Le documentaire « Qu’ils reposent en révolte », réalisé par Sylvain George, raconte les conditions de vie des personnes migrantes à Calais. Coincés entre policiers, habitants, transporteurs de fret et groupes néo-nazis, soutenus difficilement par quelques associations sur le terrain dont Médecins du Monde, les sans-papiers de Calais subissent une très dure répression policière  et institutionnelle. Quelle que soit leur situation, les Droits de  l’Homme doivent s’appliquer pour ces personnes aux vécus souvent très difficiles et  survivant dans une précarité totale. Durant trois ans, entre 2007 et 2011, Sylvain George a filmé leur quotidien.

Cécile Bossy, coordinatrice de Médecins du Monde à Dunkerque, en compagnie des migrants à Calais. Photo : metronews.fr
Cécile Bossy, coordinatrice de Médecins du Monde à Dunkerque, en compagnie des migrants à Calais. Photo : metronews.fr

« Le film montre les conditions d’existence des clandestins de Calais. Infinie précarité qui est, ni plus ni moins, la condition que l’on a choisi de leur faire, entre arrestations et destructions des campements.
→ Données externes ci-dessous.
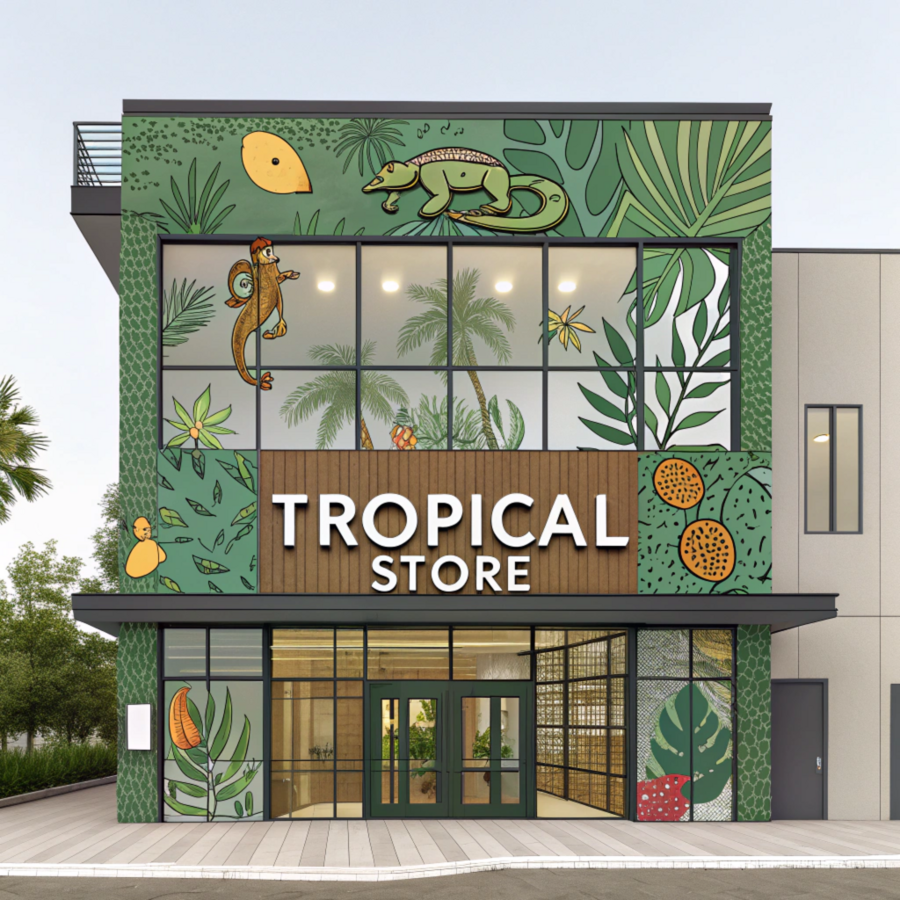 Promit: Building Design - Facade: The facade can feature a combination of modern and tropical elements. - Colors: Predominantly green, with accents in earthy tones such as brown, tan, and olive. - Windows: Large glass windows allow passersby to see inside the store,
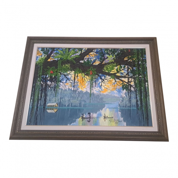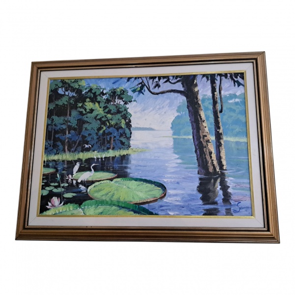 • MOACIR ANDRADE - OST assinado ao centro, datado 1997 e intitulado Amazonas- Brasil,  Pintor amazonense autoditada, graduado em mujseologia, 1927/2016, 81 x 63 cm.

Le rythme très lent du film, le choix du noir et blanc concourent à une impression d’austérité extrême. Si l’on n’est pas rebuté, on entre dans une expérience de cinéma rare, puisqu’il s’agit d’atteindre à l’expérience de personnes qui vivent dans les mêmes lieux que nous et pourtant dans une toute autre réalité. Comment en effet, sinon par un cinéma radicalement différent, sortir des effets de familiarité pour faire entièrement droit à ce que la vie des sans-papiers, dans la précarité absolue qui est la leur, a de radicalement autre ?

Le film contient de nombreux plans admirables de lieux vides aux heures blafardes, avant la police. On y voit, répétée à l’infini sans provoquer de lassitude, un clou rougi sur des braises pour servir à effacer les empreintes digitales sur les doigts. Sylvain George, à l’instar d’un archéologue, est attentif aux traces matérielles minuscules de ces existences : le clou, les éléments de récupération de campements de fortune, les couverts en plastique des repas pris dehors… On ne saurait oublier les panneaux publicitaires reemployés pour construire des abris de fortune, et qui proclament une société de consommation et de bien-être : discours dont Sylvain George tire une ironie cruelle.

On a ici affaire à un cinéma militant qui est aussi un cinéma de poésie (dans la mesure où le réalisme ouvre à force sur une autre dimension, qui n’est plus réaliste au sens conventionnel du terme) : objet presque unique en son genre. »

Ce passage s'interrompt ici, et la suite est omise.